SOURCE MATERIAL
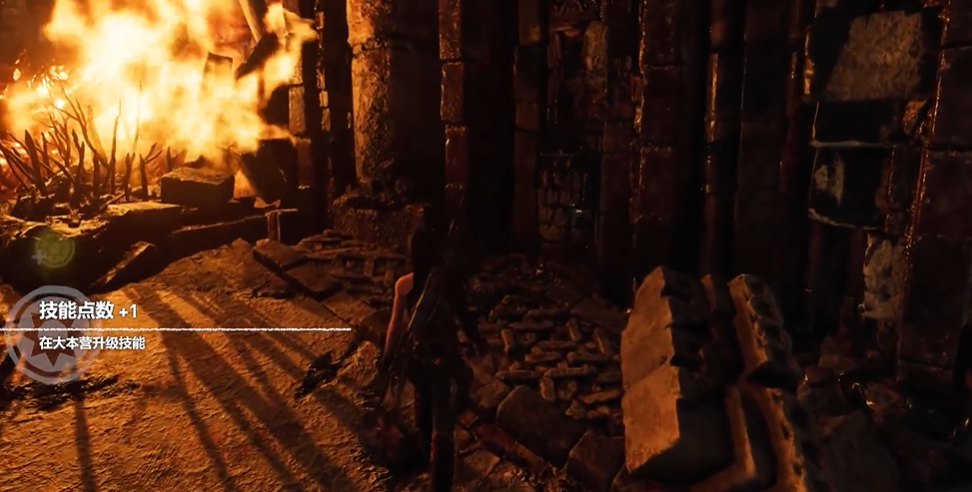 核心解谜环节在于利用第三个摆锤清除中央通道障碍。从右侧岩壁攀爬至底部火堆平台,用弓箭瞄准第二个带刺摆锤,在其摆动至最高点时用绳索箭矢将其与第三个摆锤连接。返回激活第二个风向开关,风力将带动两个摆锤联动,最终第三个摆锤会撞击并摧毁通道中的废墟障碍。此过程要求玩家掌握绳索箭矢的发射时机与角度。
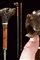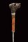 Bastone animato, datazione: primo quarto del XX Sec. provenienza: Europa, Lunga lama a due fili di sezione leggermente a losanga, tallone rettangolare. Impugnatura e fusto in bambù. Pomo in corno a testa di segugio con mandibola movibile e munita di molla. Il collare dipinto in bianco. Alla chiusura ghiere argentate. lunghezza 87.5 cm.
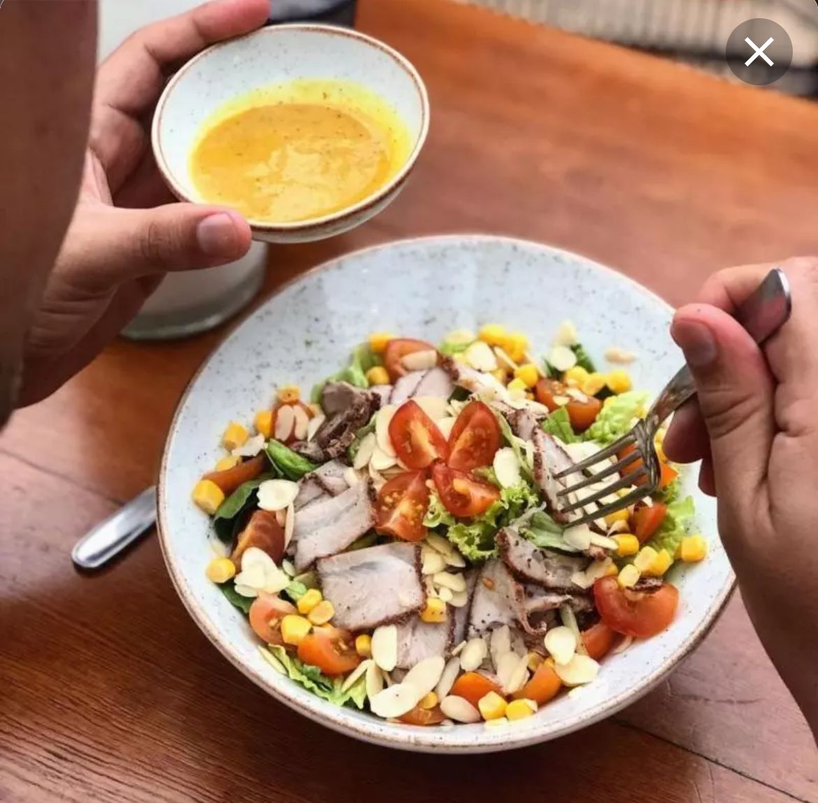 Ensalada con lonjas de jamón, pernil, magro cocinado a base de especias, acompañado con maíz dulce, almendras fileteadas, lechuga romana, rúgula, tomates cherrys y salsa a base de miel y mostaza.
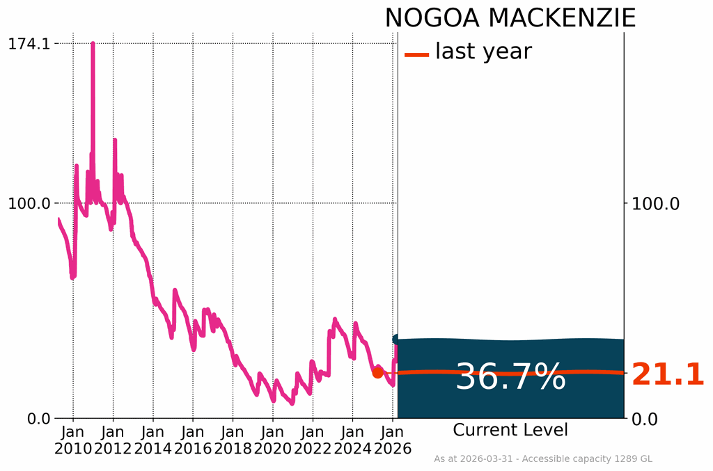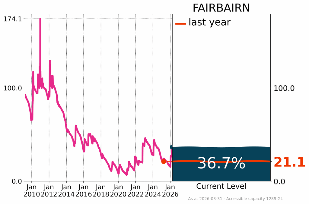 Storage in Fairbairn Dam increased by 9.9%, finishing the month at 36.7%. This increase at Fairbairn raised the volumes in the Nogoa-Mackenzie system to 36.7% of capacity in March. The Nogoa–Mackenzie system supplies water to rural communities across central Queensland.
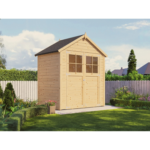 A klasszikus Bertilo Osterbek 1 kerti ház a kerti eszközök és kerti szerszámok ideális tárolóhelye. Az összes fa alkotóelem kiváló minőségű, natúr, északi lucfenyőből készült. Kompakt, 2,09 m2 alapterületével ez a kerti ház elegendő helyet kínál kerti igényeihez. A 132 cm széles és 165 cm magas kétszárnyú ajtónak köszönhetően nagyobb készülékekkel és kerti eszközökkel is be lehet lépni. A kerti ház időtlen és klasszikus formatervezésű, természete
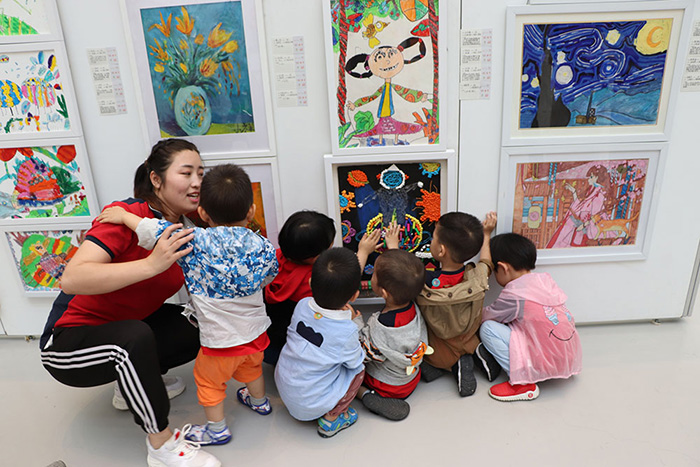 2019年6月6日上午,中潤大風車國際幼兒園無圍墻活動“走進山東美術館”,觀看“同一個世界?童一個夢想——慶祝新中國成立七十周年大型兒童畫展暨(山東省)首屆國際兒童公益畫展”。
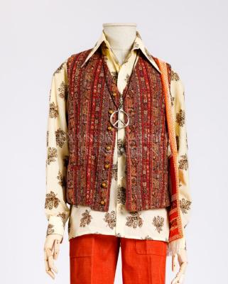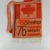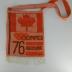 Rectangular orange synthetic jersey bag with metal zipper on top, long jersey strap, embroidered with orange, black and white plastic beads. The bag was made as a souvenir for the 1976 Winter Olympic Games in Montreal.

PROBLEM DETAILS
Give again, word for word, every line from the top of the data through the line with "Storage in Fairbairn", both ends included, and exclude the pictures.

REPLY
 核心解谜环节在于利用第三个摆锤清除中央通道障碍。从右侧岩壁攀爬至底部火堆平台,用弓箭瞄准第二个带刺摆锤,在其摆动至最高点时用绳索箭矢将其与第三个摆锤连接。返回激活第二个风向开关,风力将带动两个摆锤联动,最终第三个摆锤会撞击并摧毁通道中的废墟障碍。此过程要求玩家掌握绳索箭矢的发射时机与角度。
 Bastone animato, datazione: primo quarto del XX Sec. provenienza: Europa, Lunga lama a due fili di sezione leggermente a losanga, tallone rettangolare. Impugnatura e fusto in bambù. Pomo in corno a testa di segugio con mandibola movibile e munita di molla. Il collare dipinto in bianco. Alla chiusura ghiere argentate. lunghezza 87.5 cm.
 Ensalada con lonjas de jamón, pernil, magro cocinado a base de especias, acompañado con maíz dulce, almendras fileteadas, lechuga romana, rúgula, tomates cherrys y salsa a base de miel y mostaza.
 Storage in Fairbairn Dam increased by 9.9%, finishing the month at 36.7%. This increase at Fairbairn raised the volumes in the Nogoa-Mackenzie system to 36.7% of capacity in March. The Nogoa–Mackenzie system supplies water to rural communities across central Queensland.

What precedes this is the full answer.